4.2. Phase II SFA Removes External Influences and Random Errors

Using Frontier 4.1 software, the SFA regression models were constructed with the slack in green financing scale, slack in green financing structure, and slack in green financing fund utilization calculated based on the first-stage DEA results as the explanatory variables, and the macroeconomic environment, financial environment, government–enterprise relationship, and the interaction between government and financial markets as the explanatory variables, respectively. To maintain consistency in the direction of influence, the SFA regression equation was built with panel data by drawing on the treatment of existing studies (Ying Luo et al., 2019; Poor Liu and Jun Hao, 2021) [28,29], and the results of the model are shown in Table 5. The γ values of green financing scale slack, green financing structure slack, and green financing fund utilization slack tend to be close to 1 and the LR values are all significant at the 1% level, rejecting the hypothesis that there is no management inefficiency. Thus, it was reasonable and necessary to conduct SFA regression analysis. The impact of each external influence factor on the initial green financing efficiency of listed companies in the construction industry was further analyzed. Since the external influence factor is a regression of each input slack variable, when the regression coefficient is negative, it means that increasing the value of the external influence factor is conducive to reducing the amount of input slack, generating savings and having a positive impact on green financing efficiency; when the regression coefficient is positive, it means that increasing the external influence factor will increase the amount of input slack, leading to increased waste and having a reverse impact on green financing efficiency.
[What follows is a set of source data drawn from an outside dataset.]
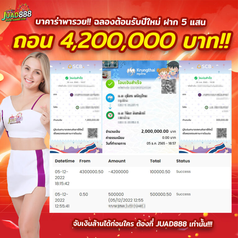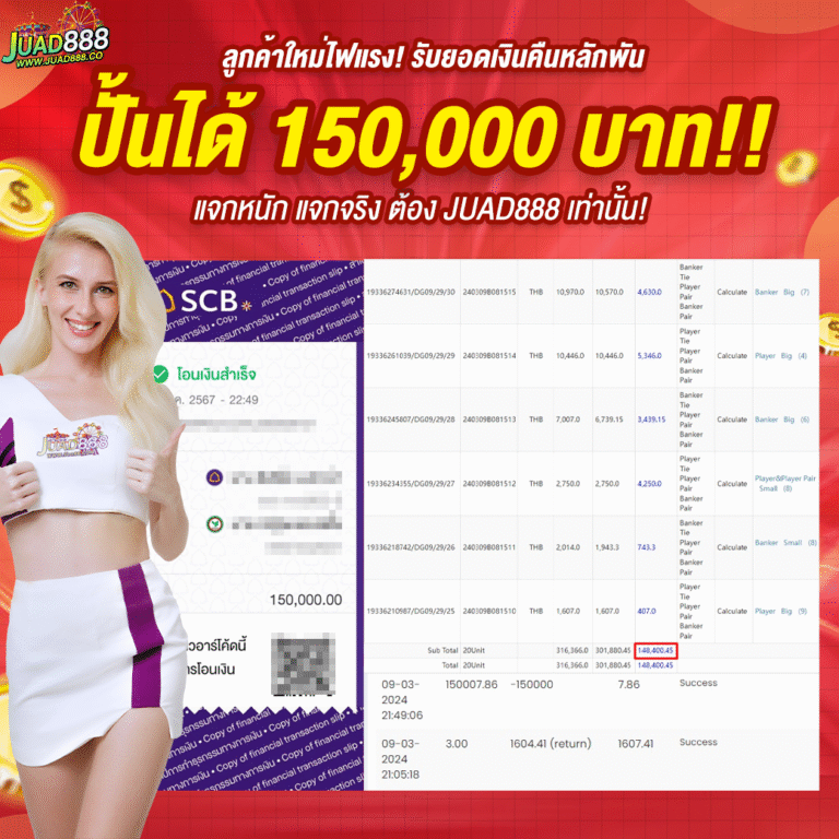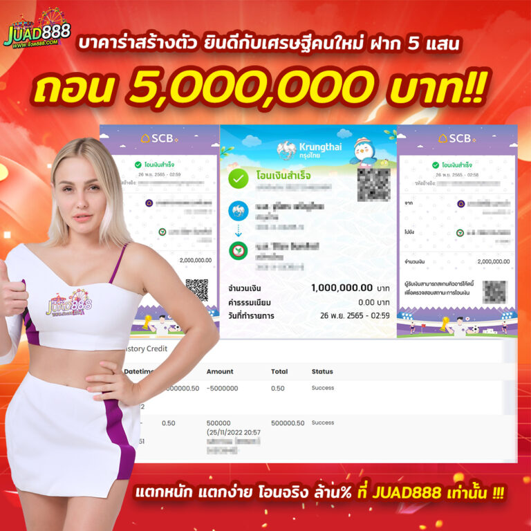 ความโดดเด่นของ juad888 ไม่ได้มีเพียงแค่ความเป็นเว็บตรงที่ไม่ผ่านเอเย่นต์ซึ่งช่วยเพิ่มความมั่นใจในด้านความปลอดภัยและความโปร่งใส แต่ยังใส่ใจในการพัฒนาระบบทางการเงินให้มีประสิทธิภาพสูงสุด เพราะรู้ดีว่าผู้เล่นทุกคนต้องการความรวดเร็วและความมั่นใจในทุกขั้นตอน ไม่ว่าจะฝากหรือถอนเงินก็สามารถทำได้เองตลอด 24 ชั่วโมง รองรับทั้งการโอนผ่านธนาคารชั้นนำและทรูวอลเล็ท เพิ่มความสะดวกสบายให้ผู้เล่นทุกกลุ่ม และที่สำคัญคือไม่มีขั้นต่ำในการฝากหรือถอน ช่วยให้ผู้เล่นทุกระดับสามารถเข้าถึงได้ง่าย ไม่ว่าจะเริ่มต้นด้วยเงินทุนเท่าไหร่ก็สามารถสนุกไปกับเกมเดิมพันได้อย่างมั่นใจ
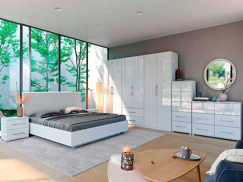 Модульная мебель в современном стиле от украинской мебельной фабрики MiroMark. Органичный дизайн, чисто белый цвет, металлические хромированные ручки, помогут оформить стильный интерьер спальной комнаты.
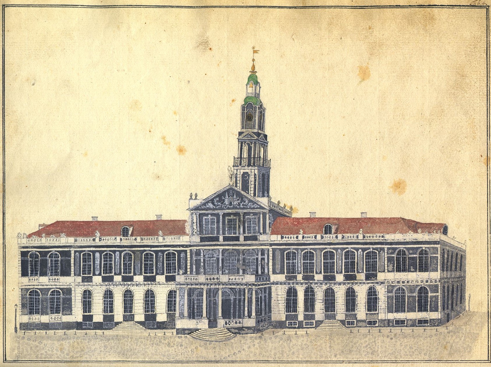 Rīgas rātsnams, celts laikā no 1750 līdz 1765. gadam. Gājis bojā Otrā pasaules kara laikā. Johana Andreasa Ēzena zīmējums. LNA_LVVA, F214_6_311a
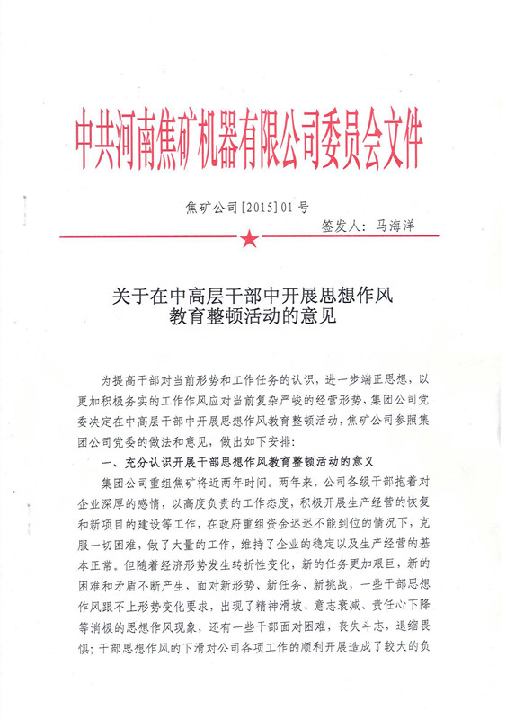 關(guān)于在中高層干部中開展思想作風(fēng)教育整頓活動(dòng)的意見
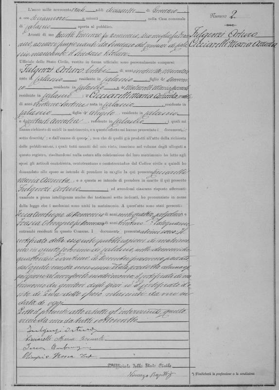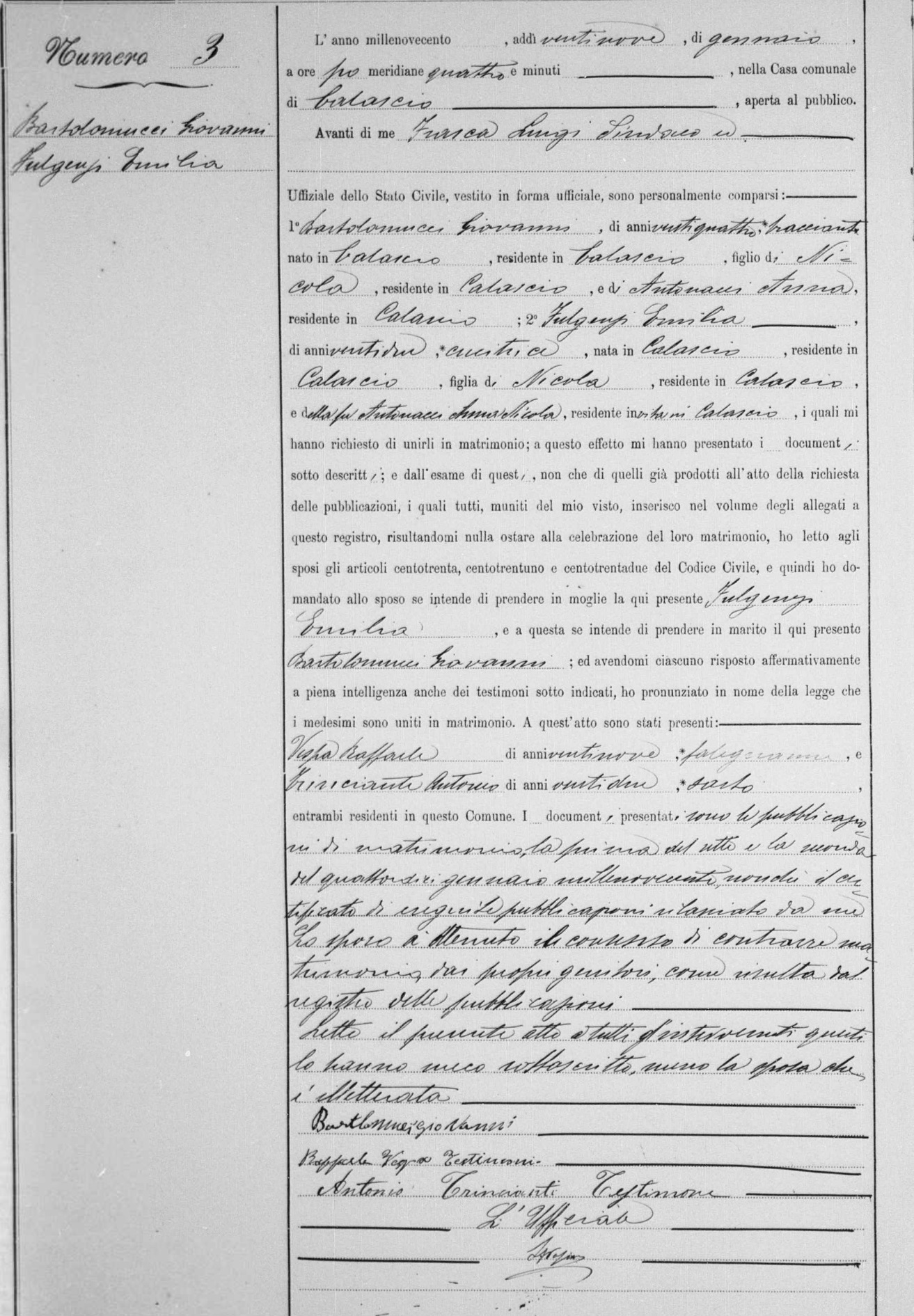 Emilia Fulgenzi were married on January 29, 1900 in Calascio, L'Aquila, Abruzzo, Italy. He died.
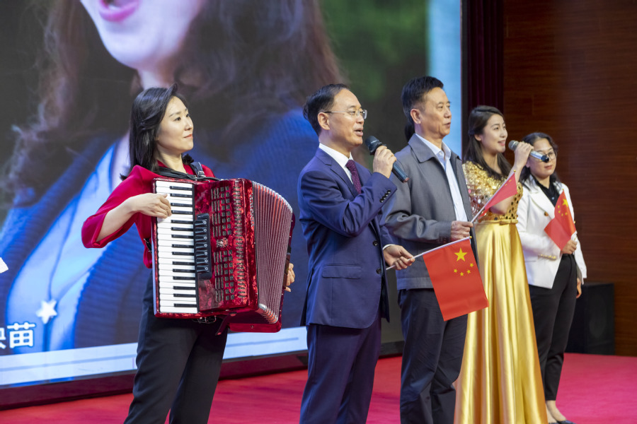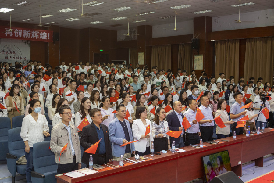 本次开学第一课在全场师生合唱《我爱你,中国》中落下帷幕。
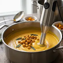 Rozgrzej piekarnik do 200°C z termoobiegiem (lub 220°C bez termoobiegu). Dokładnie umyj dynię Hokkaido pod bieżącą wodą. Połóż ją na stabilnej desce do krojenia. Użyj dużego, ostrego noża szefa kuchni, aby przekroić dynię na pół, od ogonka do podstawy. Następnie za pomocą łyżki wyjmij pestki i włóknisty miąższ ze środka. Każdą połówkę pokrój w grube plastry o szerokości około 3-4 cm. Skórka dyni Hokkaido jest jadalna i staje się miękka po upieczeniu, więc nie musisz jej obierać.
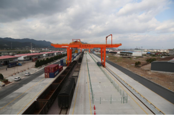 義烏鐵路口岸貨一、二線(xiàn)海關(guān)監管區總體面積為60000平方米,配置1束2線(xiàn)的鐵路貫通式裝卸作業(yè)線(xiàn),容車(chē)數為50車(chē)X2線(xiàn),可提供100車(chē)同時(shí)進(jìn)行裝卸作業(yè)。線(xiàn)路內配備了2臺起重能力為40.5噸的專(zhuān)業(yè)門(mén)吊,配備門(mén)吊作業(yè)人員共38人,為三班倒24小時(shí)作業(yè)安排。其中貨一、二線(xiàn)重箱監管區長(cháng)約680米,寬12.8米,面積約為8700平方米,共設置4列50位2層,計400個(gè)重箱堆位。貨一、二線(xiàn)監管區的投用是鐵路口岸服務(wù)雙班列的一項重要舉措。它能有效將中歐班列場(chǎng)地與海鐵聯(lián)運場(chǎng)地通過(guò)物理方式分隔開(kāi)來(lái),海鐵聯(lián)運日均發(fā)運量能夠達到4列,同時(shí)大大降低了運營(yíng)成本,極大的提高了雙班列通關(guān)、發(fā)運的效率。
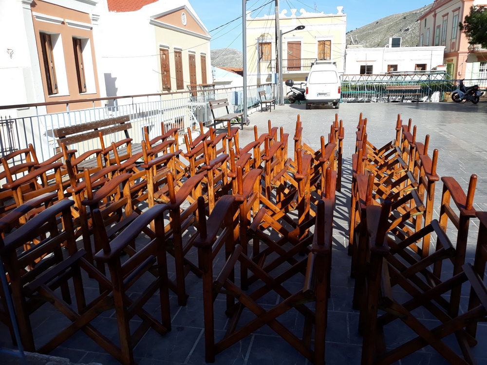 Here are a couple of shots from the village taken the other day. The chairs in the square came from Lefteris Kafeneion and were, I guess, out there for varnishing. The weather is warming up, and so it’s time to change the winter café chairs for the summer ones, hence the work. Having said that, it did rain a little on Wednesday night, but not for long. Not long enough to water the plants as far as I could tell the following day.

It should be added that the t-value test is not significant but still has a directional effect (Li Ran and Feng Zhongzhao, 2009) [30].
Specific results are discussed in the following.
(1)
Macroeconomic environment. The regression results between the macroeconomic environment and the scale of green financing and the slack of green financing structure are positive and significant at the significance level of 10% and 5%, respectively. The regression coefficients between the macroeconomic environment and the slack of green financing capital use are negative and significant at the significance level of 10%. This shows that the improvement in the macroeconomic environment makes it easier for listed construction companies to obtain green funds, but it also leads to the waste of funds caused by excessive green financing and adversely affects the green financing structure. However, the good macroeconomic environment is also conducive to the listed construction companies to reduce the input cost, so that the use of green capital waste situation is improved.
(2)
Financial environment. The regression results of the financial environment and green financing scale, green financing structure, and green financing fund use slack are all negative, and the regression coefficient of green financing scale slack is significant at the 5% significant level. This indicates that the improvement in the financial environment makes the financial market more rational. In addition, financial institutions tend to invest funds in companies with higher productivity, while listed companies in the construction industry will make rational decisions and improve operational efficiency to obtain green financing, thus improving the efficiency of green financing.
(3)
Government–enterprise relationship. The regression coefficients of the government–enterprise relationship with green financing scale slack are negative and significant at the 5% level of significance; those with green financing structure slack are positive and significant at the 1% level of significance; and those with green financing fund utilization slack are negative but do not pass the significance test. This indicates that the improvement in the government–enterprise relationship makes it easier for listed companies in the construction industry to obtain funds from government channels, thus reducing the waste of green funds in the financial market and increasing the utilization of funds. However, the reliance on the government–enterprise relationship, especially on government subsidies, exacerbates the financial risk of listed companies in the construction industry and makes their green financing structure unbalanced.
(4)
Interaction between government and the financial market. The regression results of the interaction between the government and the financial market and green financing scale, green financing structure, and green financing fund use slack are all negative, and the regression coefficients of the interaction with green financing scale and green financing fund use slack are significant at the 1% significant level. This indicates the intensification of the interaction between the government and the financial market, i.e., the increase in local government debt has led to an increase in government investment in the construction of infrastructure, etc. As the beneficiary of government infrastructure projects, listed companies in the construction industry have therefore gained more business, thus enabling them to integrate more green funds and reduce costs, which has improved the efficiency of green financing.
The regression results of SFA show that the above external influences have a more profound impact on most of the inputs. Based on the regression results of SFA, the input variables were then adjusted using Equation (4) so that all decision units were adjusted to the same environmental conditions, and the adjusted input variables provided the basis for the measurement of green financing efficiency in the third stage.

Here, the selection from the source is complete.